Но лучшее, что он сделал, это был взрыв главного трансформатора, охранявшегося днем и ночью немецкими часовыми и окруженного предохранительными проволочными заграждениями, по которым проходил электрический ток. Немцы были совершенно уверены, что трансформатору не угрожает никакая опасность. И они сохранили эту уверенность до того момента, пока трансформатор не взлетел в воздух.
Как ему удалось пробраться сквозь эти проволочные заграждения и обмануть бдительность немецких часовых? Он теоретически признавал потом, что его жизнь была в опасности. Но он меньше всего был склонен ее преувеличивать. «Я, конечно, был готов умереть, — писал он, — но, как видите, я жив».
Тем, что он жив, он обязан счастливой случайности. Я знал еще одного человека, тоже из русского экспедиционного корпуса. Его кличка была Проспер. Он был ближайшим сотрудником Антона Васильевича, и на нем лежала обязанность первого контакта с бежавшими советскими пленными, и он был готов принять на себя опасность немецкой провокации. Это он был руководителем группы партизан, уехавших на фронт в багажном вагоне перегруженного поезда, о котором я упоминал. Его погубило то же самое отсутствие чувства страха, которое сделало возможным взрыв трансформатора. Но тут, к несчастью, не оказалось этой случайности, и я боюсь, что никогда не услышу больше голоса Проспера, который мог бы сказать: «Как видите, я жив». Я никогда не разговаривал с ними об отличии советского режима от политических режимов Европы, но косвенные вопросы этого рода не могли, конечно, не возникать. И тогда я убедился в самом главном, самом для них характерном в этом смысле: они не чувствуют, так сказать, контуров режима, они не представляют себе ничего другого. Те вопросы, которые кажутся естественными в Европе — правовые, социальные, экономические, — в их представлении не возникают: то, в чем они живут, настолько непреложно и естественно, что иначе быть не может, и простая возможность обсуждения этого им кажется совершенно праздной. Вне этого они не могли бы вообразить, как будет идти существование. Они, чаще всего, избавлены от забот о насущном хлебе, от вопроса о личном обеспечении; они получают жалованье, потом будут получать пенсию, и всюду, в любой области, на страже их личных интересов стоит вездесущее, всеобъемлющее, всезнающее государство, к авторитету которого они питают безграничное, без тени сомнения, доверие. Они знают, что где бы они ни находились — под землей, под водой, на Северном полюсе, на арктической льдине, — им помогут, их поддержат, о них позаботятся.

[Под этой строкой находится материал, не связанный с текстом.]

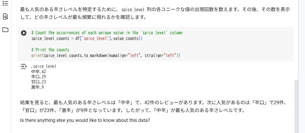 「結果を日本語で説明してください。どの辛さレベルが最も人気ですか?」と聞いてみます。

Получается парадоксальная вещь: советский строй, со всей его сложной совокупностью производственных усовершенствований, новейших машин, рационализации, со всем огромным аппаратом пропаганды, информации и т. д., со всей отчетливой видимостью экономического модернизма, оказывается, в сущности, — в социальном разрезе, — чем-то напоминающим семейно-патриархальную систему, стремление к которой так характерно для русской истории вообще. «Вы на тли отцы, мы ваши дети». Надо полагать, что это не результат какой-то временной политической целесообразности, что это нечто более постоянное и соответствующее тому очень условному понятию, которое называется национальным духом или особенностью русского народа вообще. Во всяком случае, эта беспримерная война доказала, что такому аспекту русской государственности свойственна та страшная центробежная сила, которая предопределила исход небывалого столкновения народов.
* * *
Если бы мы обладали каким-то идеальным чувствительным аппаратом, отмечающим те малодоступные или почти недоступные анализу народные движения, о которых мы обычно имеем самое приблизительное и чаще всего неточное представление и которые, вместе с тем, и являются основными факторами, обуславливающими тот или иной ход истории, — мы бы знали тогда, как возникло и как развивалось то единство коллективной мысли и коллективного желания, которое выразилось во всеобщей поддержке советских партизан французским населением. Сколько безвестных крестьян, сколько молодых людей, солдат и офицеров отдавали все или делали все, чтобы спасти от немцев советского партизана? Их непосредственный личный интерес вовсе не требовал от них этого. Но они это делали, рискуя всем. Я помню капитана Пьера, командовавшего целым военным округом, и его встречу в парижском ресторане с Антоном Васильевичем, вместе с которым они воевали в maquis. Эти люди, не понимавшие один — французского, другой — русского языка, были связаны теснейшей дружбой, и, конечно, каждый из них ответил бы собственной головой за другого. Они не могли быть политическими единомышленниками — хотя бы потому, что были лишены возможности об этом разговаривать, — они были, казалось бы, очень далеки друг от друга: один — французский офицер, родом из Эльзаса, другой — советский человек, родом с Украины. Если бы не было этого стечения тысяч невероятных обстоятельств, то каждый из них просто был бы не способен представить себе возможность существования другого — вот такого капитана Пьера или вот такого Антона Васильевича. Но это было проявлением того темного и стихийно неудержимого движения, которое, на какой-то период времени, оказалось одним и тем же у всех народов Европы и в котором России принадлежит, я думаю, самая значительная роль.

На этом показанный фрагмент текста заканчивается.